Micro-current therapy has been used for decades to treat people with Bell’s Palsy. The technology’s toning effect caught the attention of the cosmetic field for its ability to lift the muscles in the face and tighten sagging skin, creating a more youthful appearance.

It sends low-level electrical currents into your skin that is nearly identical to the body’s own natural electrical frequencies. This adds more electrons to your system, helping you make energy more quickly and stimulating at a cellular level. It also boosts your body’s absorption of amino acids, helping the formation of collagen. This results in strengthen and plump the skin and relax underlying muscles to prevent the skin from being folded on itself.  This microcurrent therapy on the face is extremely weak, so you typically won’t feel a thing. 
The benefits:
*Enhances skin cell activity cells and helps increase collagen production, resulting in more toned and less wrinkled skin. * I personally think there's should be more data to prove how and if this device is really effective and you need multiple treatments even in-clinic to see results and maintain results.

In-Clinic VS Home devices:
Home care devices are not nearly as effective as in-clinic micro-current devices but with regular use, it will probably make some difference.

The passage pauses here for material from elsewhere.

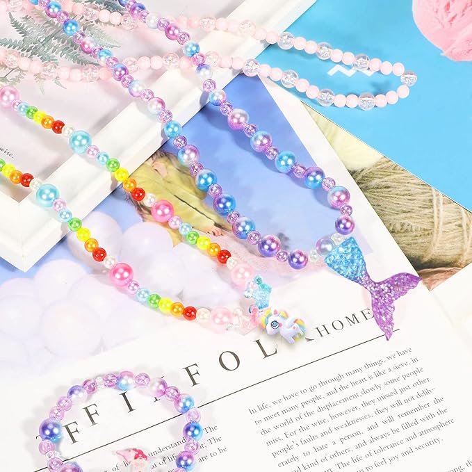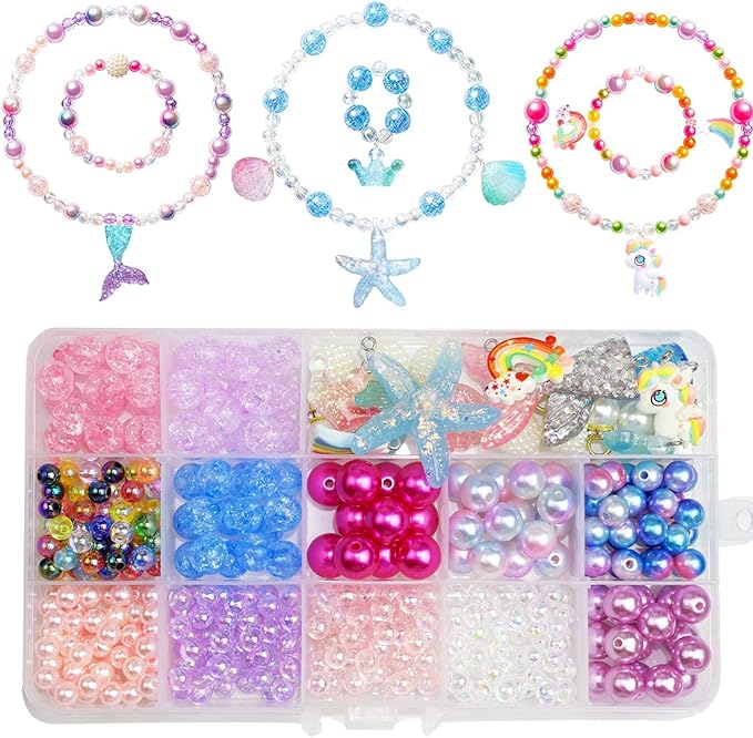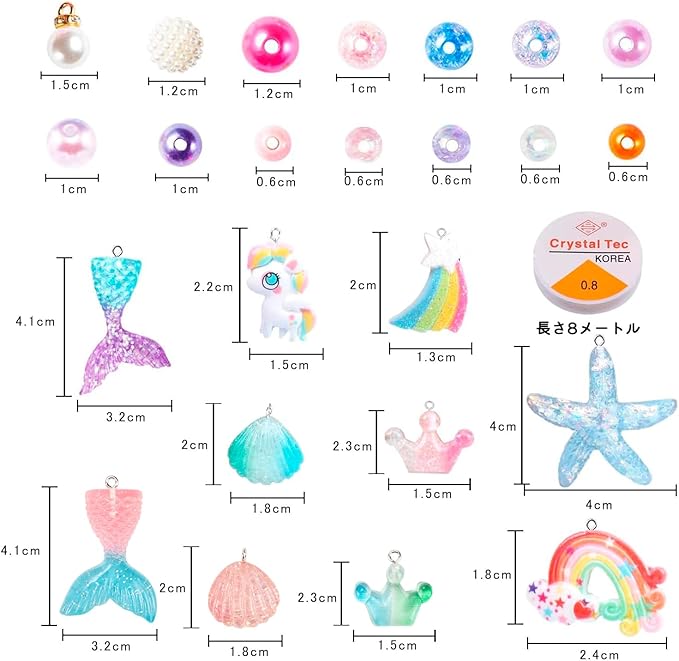 このビースキットには、人魚、ヒトデ、シェル、ユニコーン、レインボー、真珠など、さまざまな繊細なチャームが含まれています。ビーズにはさまざまなサイズと色があります。それは子供たちが彼らの創造性を十分に発揮し、彼ら自身のためにユニークなジュエリーを作ることを可能にします!

The best candidates are people with mild skin laxity (or sagging), because the skin is still relatively healthy. My best advice would be to use it in conjunction with your in-clinic treatments. Pregnant clients or clients with pacemakers should avoid it.

NuFACE is the most popular at-home device on the market. 
How it works:
Cleanse your skin and then apply a thin layer of conductive gel over the area you want to treat and roll the face for 5 min. 
You need to this everyday for 60 days before seeing results and even then don't expect miracles. It can be a pretty relaxing experience and you shouldn’t experience any discomfort.